Let’s see the theory in action with a practical example. Let’s develop the code for a job that will return reporting metrics of a given dataset. The dataset is stored in an S3 bucket, and we must return the report to another S3 bucket. We will use Python and Pandas for this example.


import os

import pandas as pd

# Our Model class with a more meaninful name
class ReportGenerator:
    def genrate_report(self, df: pd.DataFrame) -> pd.DataFrame:
        # Let's not complicate ourselves for the example and use a pandas native method
        return df.describe()

# A simple view class
class ResultWriter:
    def write_results(self, df: pd.DataFrame, dst: str):
        df.to_parquet(dst)

# The main Controller class
class Controller:
    def __init__(self):
        # On initialization we will parse the configuration and create the needed objects
        self.src = os.getenv("S3_SRC_URL")
        self.dst = os.getenv("S3_DST_URL")
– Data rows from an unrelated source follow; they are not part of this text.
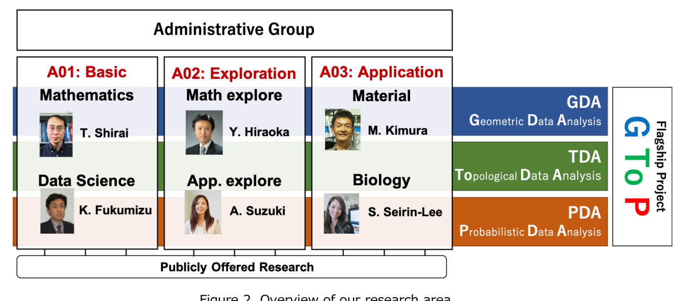
Figure 2. Overview of our research area
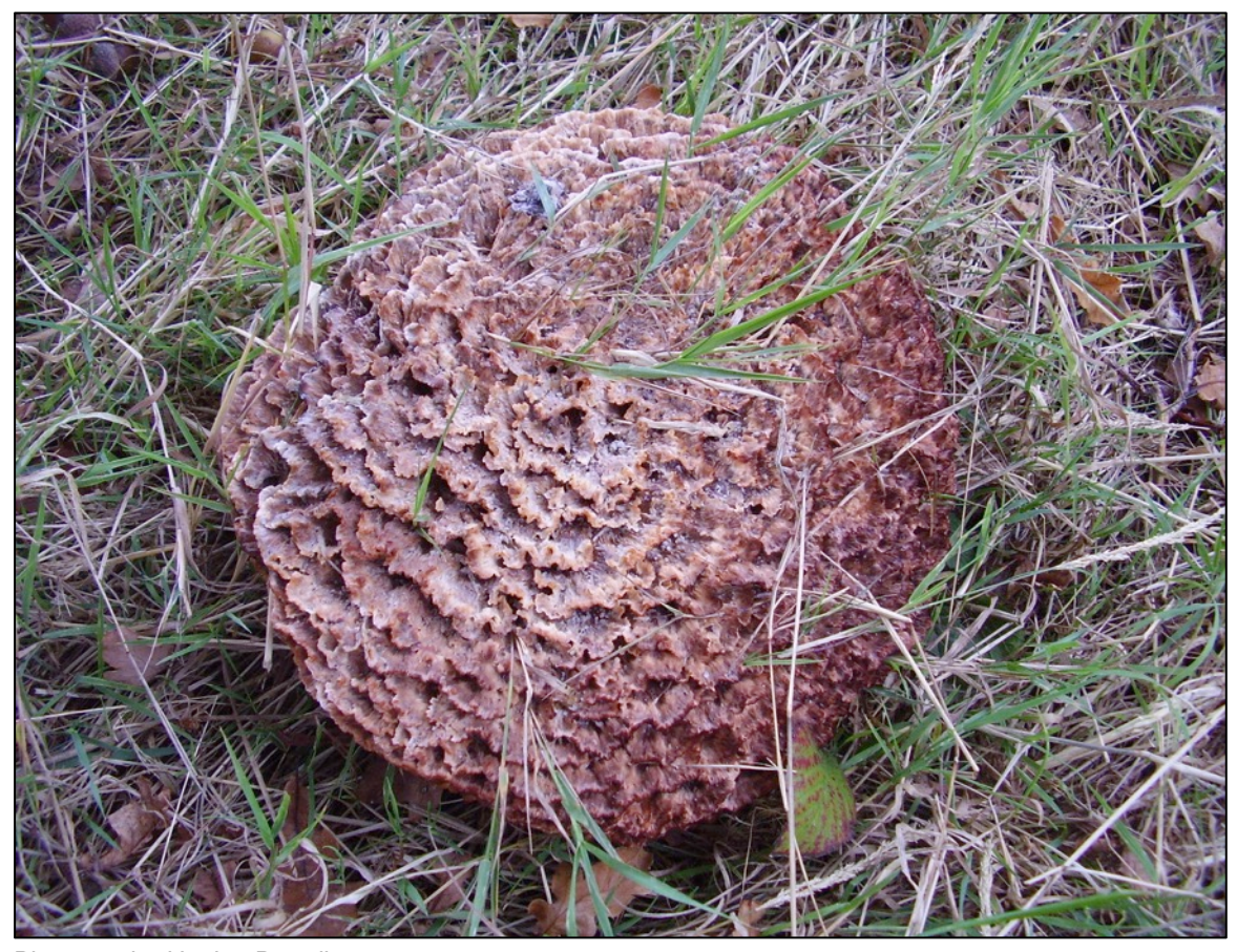
Photograph 1: The Zoned Rosette Podoscypha multizonata

Within this list the Tiered Tooth is most likely to be Hericium cirrhatum , which is uncommon with a limited distribution and on the Sussex Rare Species Inventory. The Zoned Rosette Podoscypha multizonata (Photograph 1) is a Section 41 species (NERC 2006), a BAP species and also on the Sussex Rare Species Inventory. Mycena flavescens is another uncommon species.
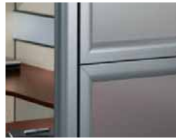
Translucent corrugated, clear or frosted screens These options allow you to play with the ambient light while ensuring the required level of privacy.
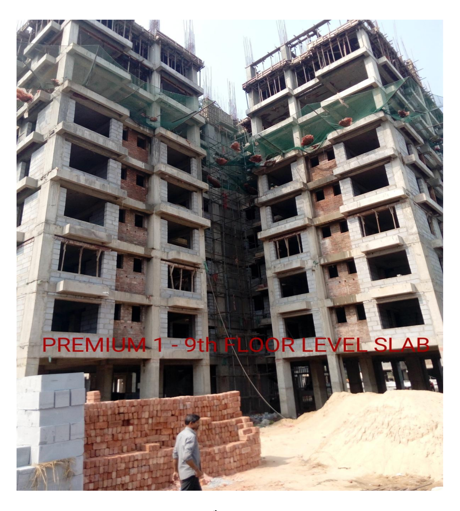
PREMIUM 1-9<sup>th</sup> FLOOR LEVEL SLAB
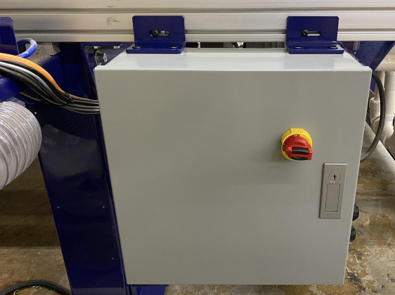
Figure 1: Standard Control Box mounted on 96x48 tool.
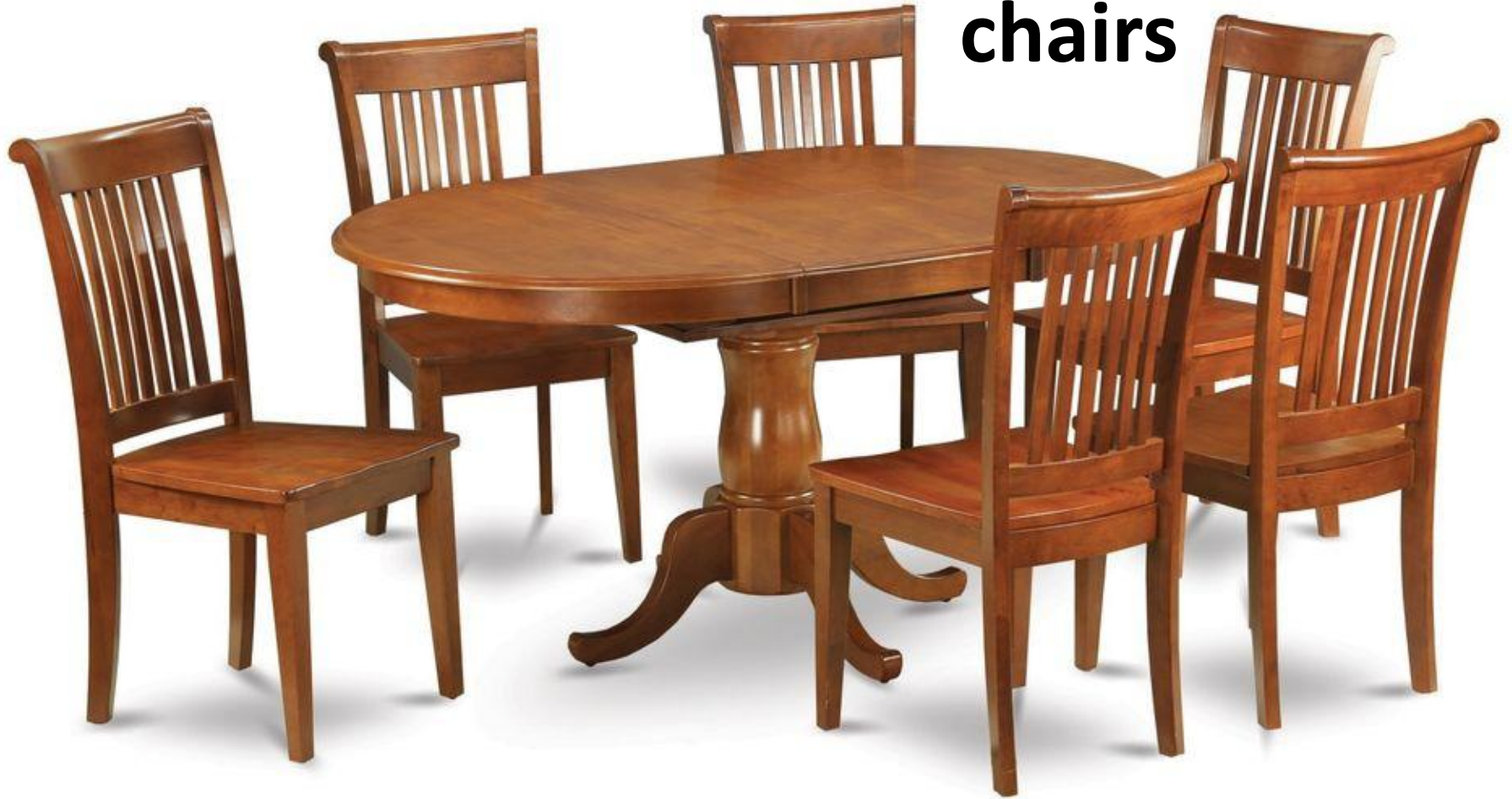
Table and chairs
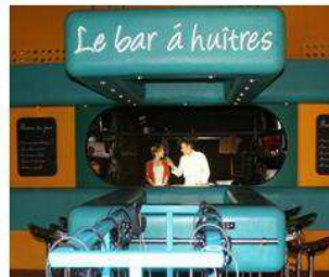
To taste and sell : an oyster bar
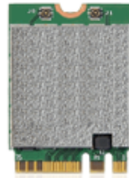
M.2 A key
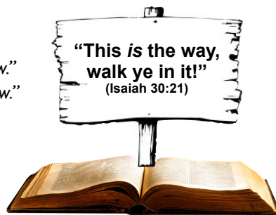
“Thy Word Is Truth” (John 17:17)
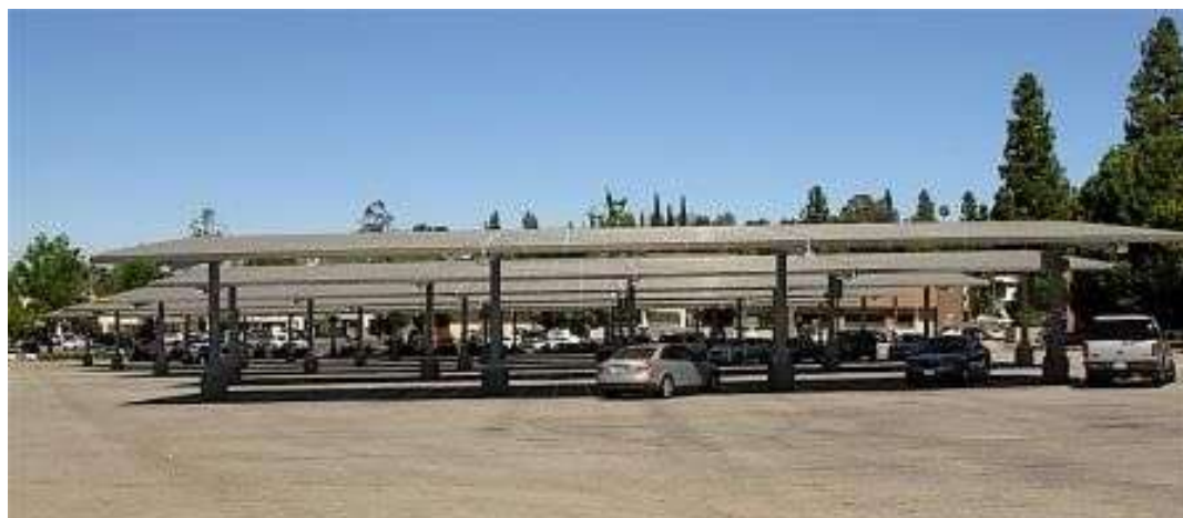
Solar awnings for parking at Taft High School in San Fernando Valley

        self.report_generator = ReportGenerator()
        self.result_writer = ResultWriter()
    
    def run(self):
        # The main method that controlls the flow of the job
        df = pd.read_parquet(self.src)
        report = self.report_generator.genrate_report(df)
        self.result_writer.write_results(report)

We can see that immediately we can create a small test for our business logic like this:


import pandas as pd
import pytest

class TestReportGenerator:
    @pytest.fixture
    def input_data() -> pd.DataFrame:
        return pd.DataFrame({'test_column': [1, 1, 1, 1]})
    
    @pytest.fixture
    def expected_output_data() -> pd.DataFrame:
        return pd.DataFrame(
            {
                'test_column': {
                    'count': 4.0, 
                    'mean': 1.0, 
                    'std': 0.0, 
                    'min': 1.0, 
                    '25%': 1.0, 
                    '50%': 1.0, 
                    '75%': 1.0, 
                    'max': 1.0,
                }
            }
        )
    
    def test_basic(self, input_data: pd.DataFrame, expected_output_data: pd.DataFrame):
        report_generator = ReportGenerator()
        output = report_generator.genrate_report(input_data)
        pd.testing.assert_frame_equal(output, expected_output_data)
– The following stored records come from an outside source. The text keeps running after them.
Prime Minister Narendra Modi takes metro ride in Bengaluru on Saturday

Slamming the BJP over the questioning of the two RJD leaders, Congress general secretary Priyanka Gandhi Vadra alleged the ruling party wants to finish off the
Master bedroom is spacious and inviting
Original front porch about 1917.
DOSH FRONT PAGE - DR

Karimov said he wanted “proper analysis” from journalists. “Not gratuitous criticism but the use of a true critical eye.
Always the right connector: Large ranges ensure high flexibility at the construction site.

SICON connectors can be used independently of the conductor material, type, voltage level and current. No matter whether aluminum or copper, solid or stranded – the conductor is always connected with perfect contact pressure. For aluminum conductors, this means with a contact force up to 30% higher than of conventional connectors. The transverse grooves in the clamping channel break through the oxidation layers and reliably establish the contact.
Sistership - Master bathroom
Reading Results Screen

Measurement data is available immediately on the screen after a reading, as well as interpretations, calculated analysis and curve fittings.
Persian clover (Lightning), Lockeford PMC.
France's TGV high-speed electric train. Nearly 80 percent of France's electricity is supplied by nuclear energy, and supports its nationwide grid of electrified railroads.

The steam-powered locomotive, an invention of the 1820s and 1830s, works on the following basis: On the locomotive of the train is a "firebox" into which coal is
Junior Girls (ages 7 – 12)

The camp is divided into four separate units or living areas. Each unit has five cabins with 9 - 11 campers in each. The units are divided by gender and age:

This is a very small example, so some things look overkill. For example, wrapping up the Pandas to_parquet() method in a class like that. In real life, you don’t need to follow these guidelines to the letter if they don’t make sense for your use case.

Why should we use this pattern?

OOP Advantages

As we mentioned earlier, this relates to the Single Responsibility Principle. We create the right classes for the right job, and allow us to take advantage of the basic OOP principles:

Encapsulation is achieved by separating the classes and their roles

Enables inheritance and polymorphism. For example, we can define a generic interface or ML inference as a parent class, and then the controller can instantiate and launch each model based on the flow of the pipeline.

Easier tests, more tests

Another big advantage is that with this separation our code became much more testable. The logic to write and read the data is separated. As well as the code that instantiates and configures the Model. Our business logic is perfectly encapsulated in the Model, so we can focus on creating very good unit tests for that class. We only need to define the input and the expected output.

Creating integration tests to validate the View and the Controller is also a good idea. As always, the integration tests will still be challenging.

Modularity And Extensibility

With these abstractions (and good tests) we can perform changes easily in different parts of the pipeline. It also allows us to extend the functionality thanks to the OOP principles we mentioned above.

Conclusions

Data Engineers and Data Scientists produce a lot of software. So increasing our arsenal with more software patterns will always be useful. However, the key thing is to know how to apply them to our day-to-day lives.

In the following chapters, we will talk about other patterns that will help us to overcome more problems that the MVC pattern doesn’t solve.